Would you be better off to use your mortgage to finance a car? That’s the question homeowners are likely to consider when in the market for a new set of wheels.
With mortgage interest rates generally lower than for car finance you might be wondering how you could leverage your mortgage to buy your car.
Redrawing from your mortgage
If you’re ahead on your mortgage repayments then you might have accumulated a ‘nest egg’ you can redraw to fund buying a car. There are both positives and negatives to consider before doing this.
Convenience – By using your home finance, you’ll still have only one regular loan repayment to manage rather than two.
Speed – Depending on your lender, redraw can be organised very quickly. Unlike getting a loan from scratch you won’t need to verify income or get credit checks.

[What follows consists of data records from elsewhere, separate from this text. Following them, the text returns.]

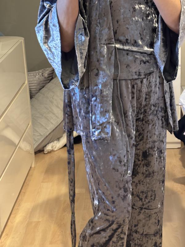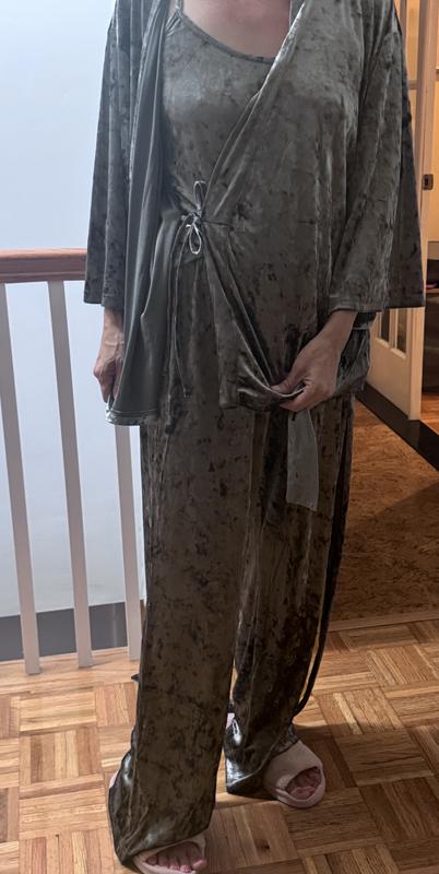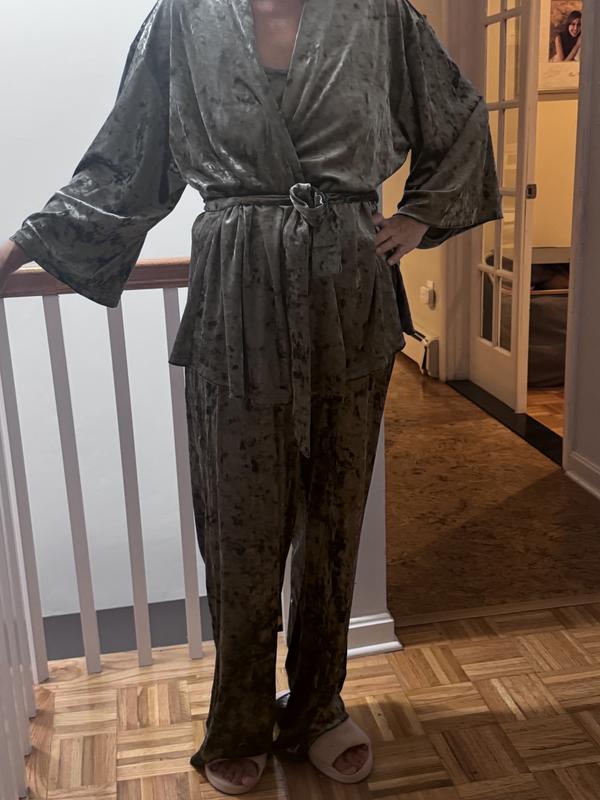 Beautiful and comfy velour pajama set. It comes with pants, a tank top and a kimono style robe. The pants are long and run a bit big, but the tank top fits a bit tight and runs short. I love the warmth and the feel of the material. These are perfect for fall and winter seasons. Great holiday gift!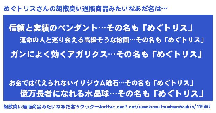 | 意味不明あだ名 | 『しいたけ科めぐトリス属』 |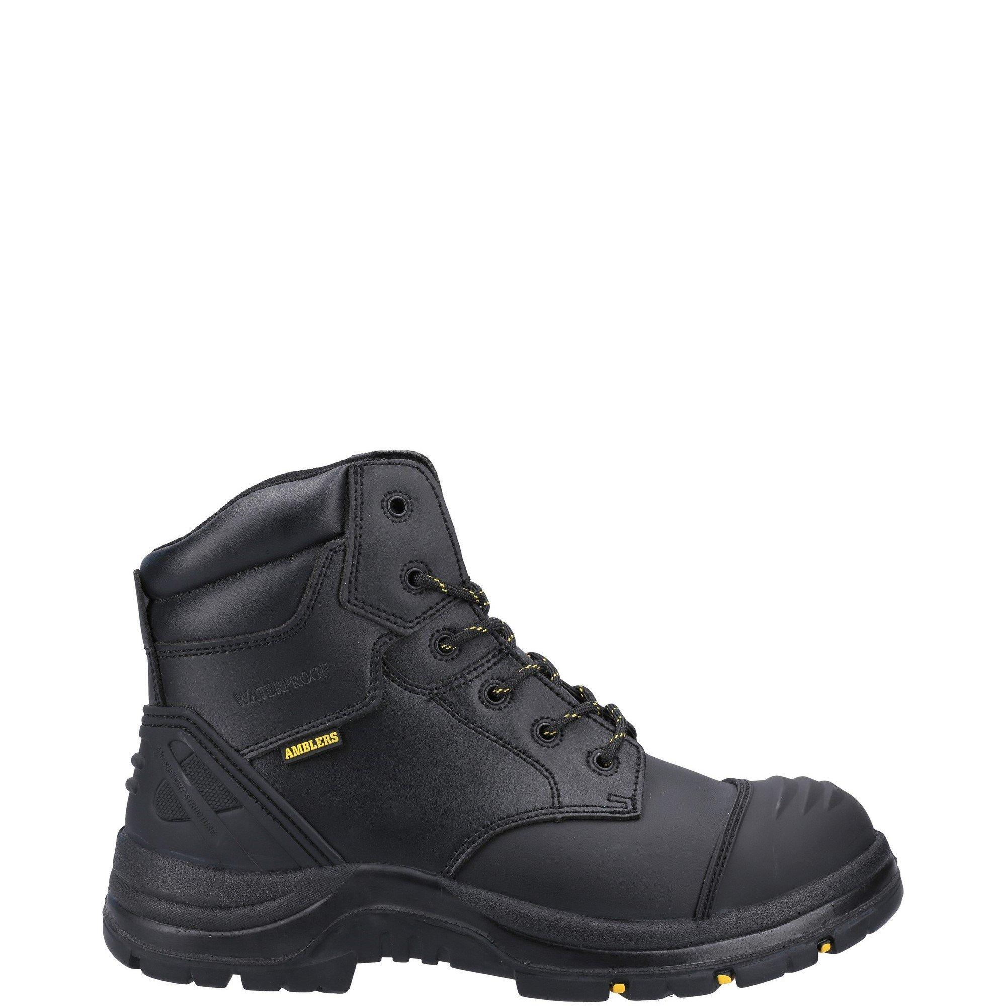 Unisex tough and durable waterproof metal free safety boot. Crafted with water resistant leather and composite toe cap. Rubber sole heat resistant to 300 degrees. Twin Padded PU Collar and Removable PU Footbed.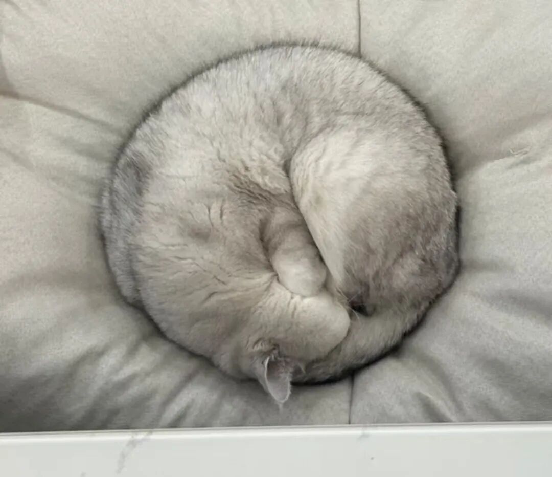 有些猫睡觉的时候,会把身体蜷成一个圆球。

Affordability – If you can’t afford to allocate more money to making loan repayments right now (for example, if your a family has temporarily dropped to one income), redrawing from your mortgage could give you the flexibility to buy a car without increasing your minimum loan repayments.
Cost – While the interest rate may be lower, the size of the debt and the effect of compound interest over time means you may pay more total interest by financing your car through your mortgage.
However, this extra interest could be offset by making extra repayments.
If you like to keep your expenses separate so you can choose what you repay and when, lumping new costs into your mortgage will limit this.